With last week's passage of a 907-page pension reform bill, you may think you have more retirement security. Think again.
The new law does require companies to fully fund their "defined benefit" pension plans -- plans that guarantee retirees a certain fixed sum of money per month. That's a step in the right direction. But the law eliminates any incentive for companies to set up such plans in the first place.
In fact, incentives are now just the opposite. There's no requirement that companies offer defined benefit plans, or keep the ones they have in place. So now that they have to fully fund them, expect a stampede of companies following the lead of Hewlett-Packard, Verizon, Motorola, and IBM, and terminating their defined-pension plans altogether. If a company has contracted with its unionized employees to offer such a plan, expect them to follow the lead of several major airlines and threaten to, or in fact, go into bankruptcy to get out from under the contract.
As recently as 25 years ago, more than 80 percent of large and medium-sized companies offered defined-benefit pensions. By 2005, fewer than a third did. What happened?
In an era of fiercely competitive cost-cutting, companies will do what's cheapest. And it's cheaper to switch to what are called "defined contribution" plans, like 401-Ks, where employees decide how much of their paychecks to put away. The incentive for employees to put away some of their paycheck is they don't have to pay taxes on what they save until they withdraw the money at retirement. But that incentive hasn't been enough. In recent years, one out of three employees with the option has not taken advantage of it.

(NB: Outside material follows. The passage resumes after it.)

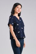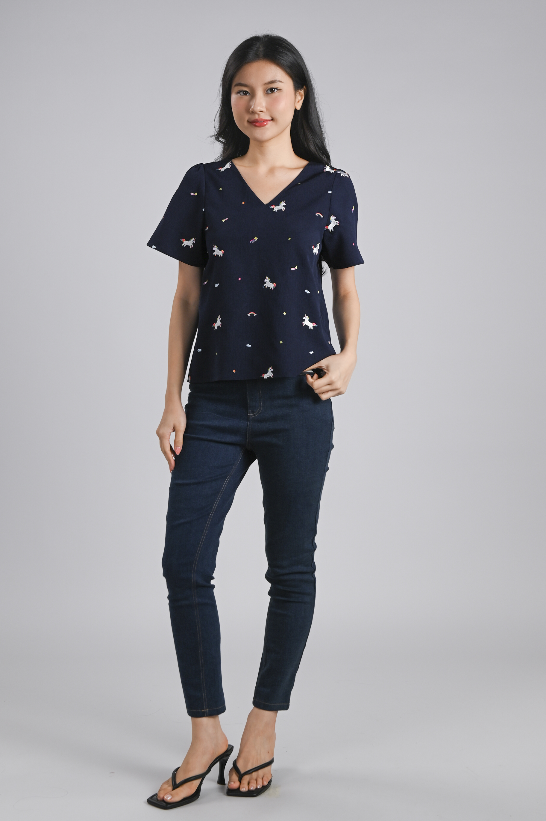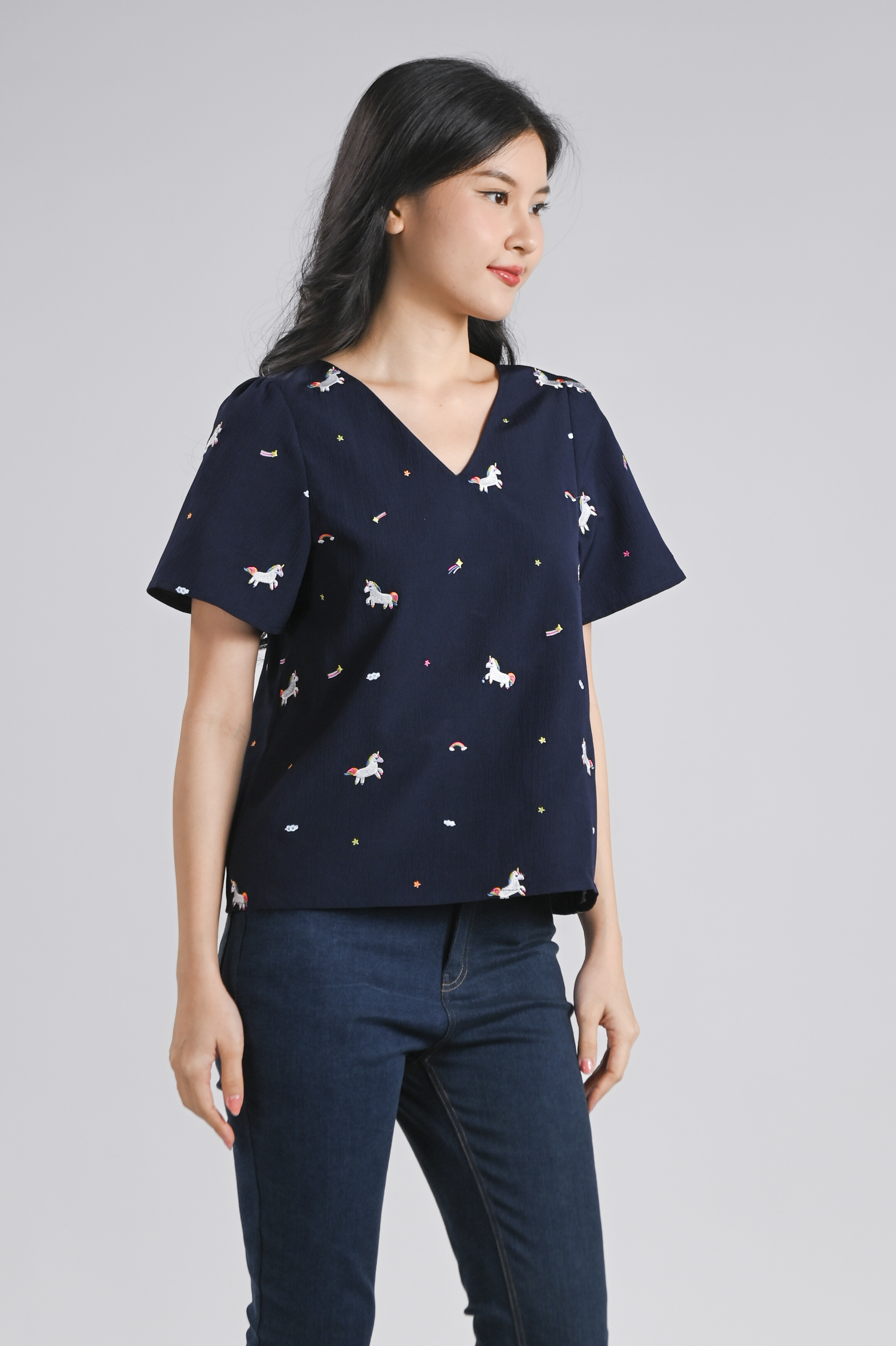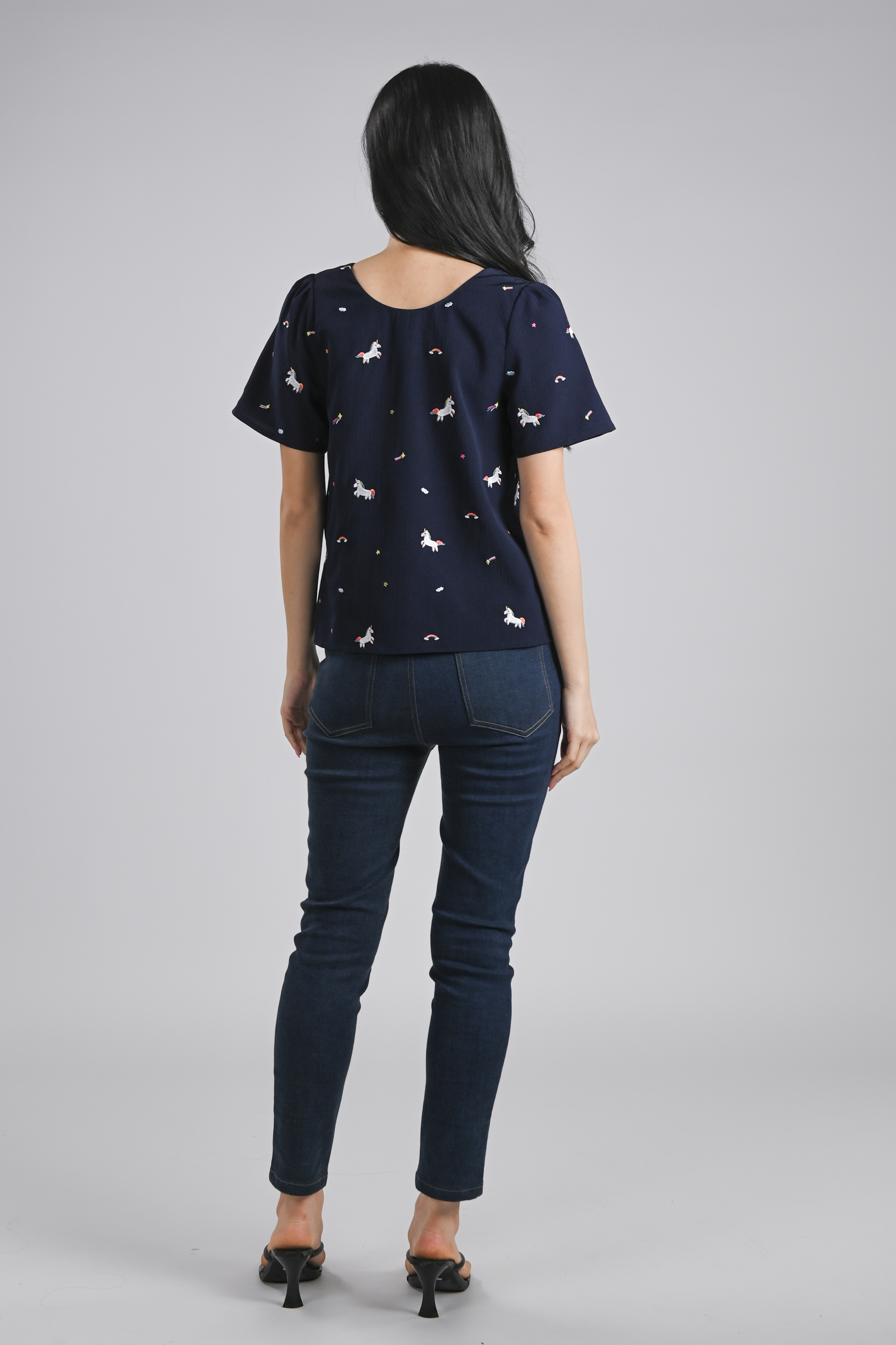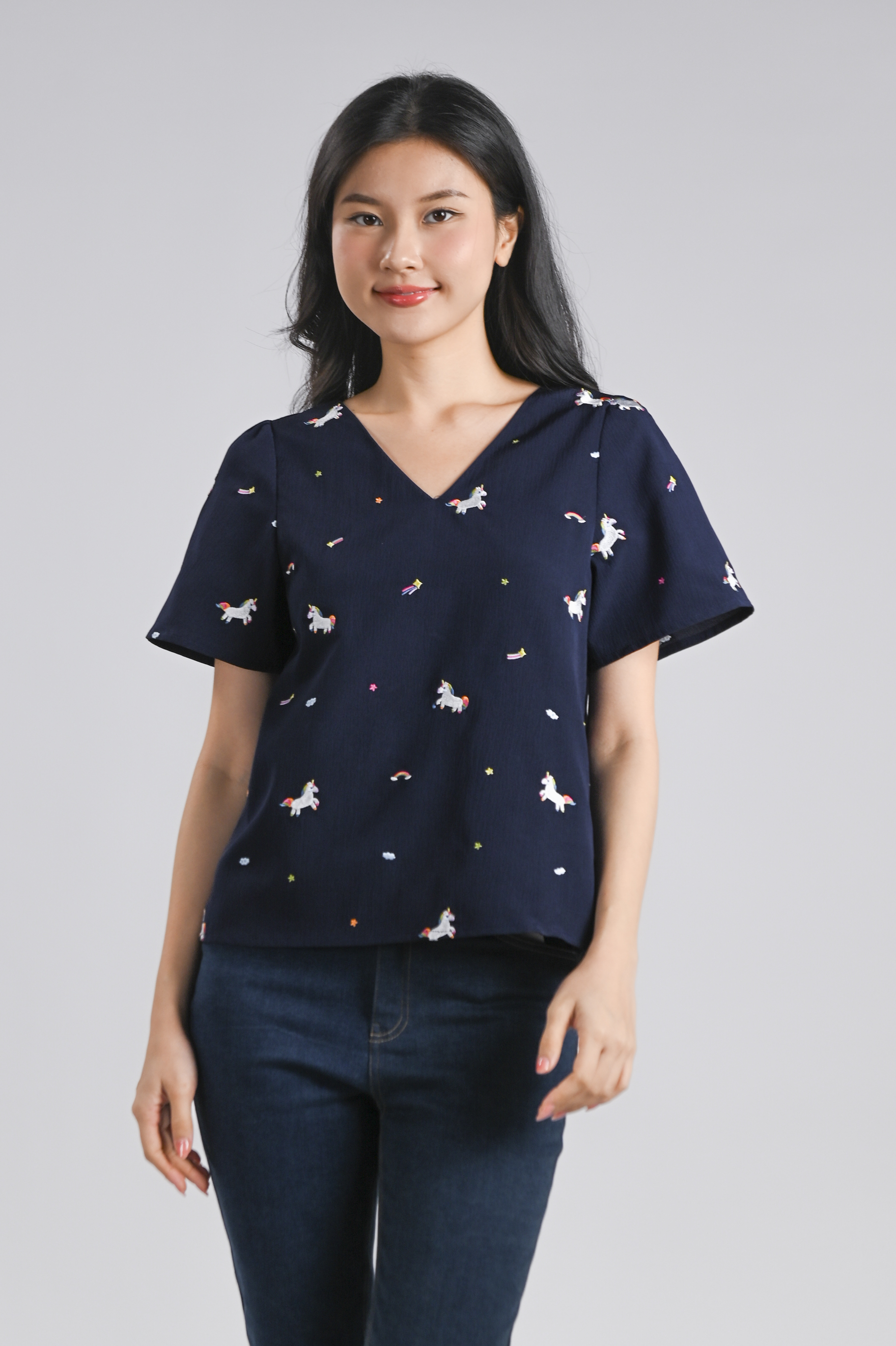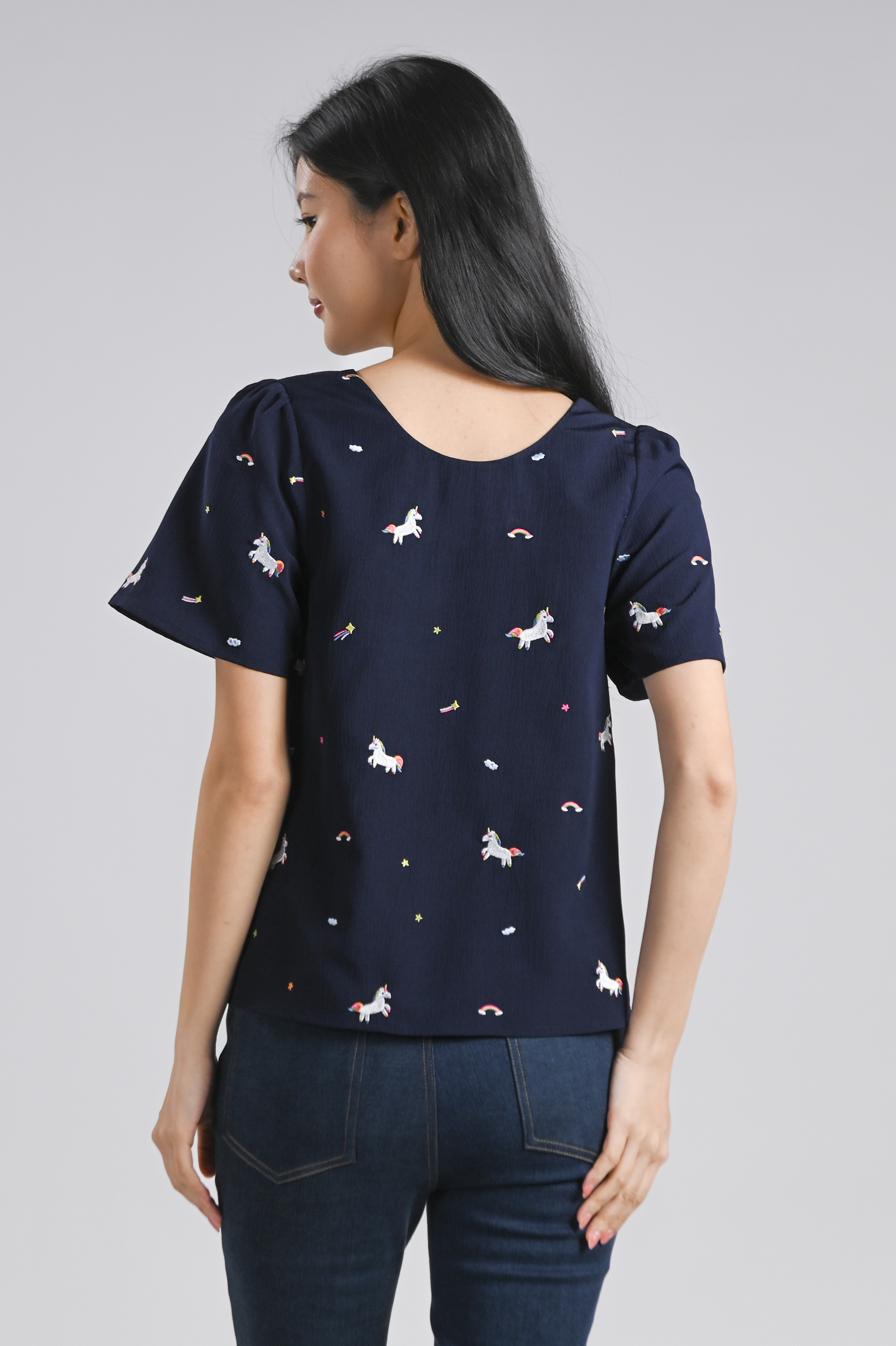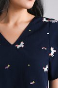 UNICORN NAVY EMB. SLEEVED TOP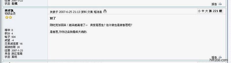 不過如果我說只是單單為大家好, 各位也不會相信. 老實說, 之前確實在網上與此黃某交易過, 也有過不愉快的經驗, 此黃某確實是胡說8道, 而且確實是在騙人, 不過我與他那事已經過去, 不提也罷.

The new law lets companies automatically enroll employees in such plans unless the employees specifically choose not to join. That's good. But the law doesn't require employers to provide any matching funds, not even a dollar for every three socked away by the employee. Given the same competitive pressures to cut costs that's been killing off defined-benefit plans, this means we can expect fewer and fewer employers to contribute anything.
I'm not blaming companies. They have to show profits by squeezing payrolls. Wall Street is demanding it. And I'm not blaming employees. Many can't afford to save. How could they? Adjusted for inflation, hourly wages today are lower than they were thirty years ago. I'm blaming Congress for failing to level the playing field and require all companies to do more.
Seventy-six million baby boomers are heading full speed toward retirement. But most are not saving. The new pension law won't get employers to save for them. And even if Social Security were rock solid, it's not nearly big enough to fill the resulting gap.
Notwithstanding 907 pages of new pension legislation, baby boomers are, as the president's father used to say, in deep doo-doo.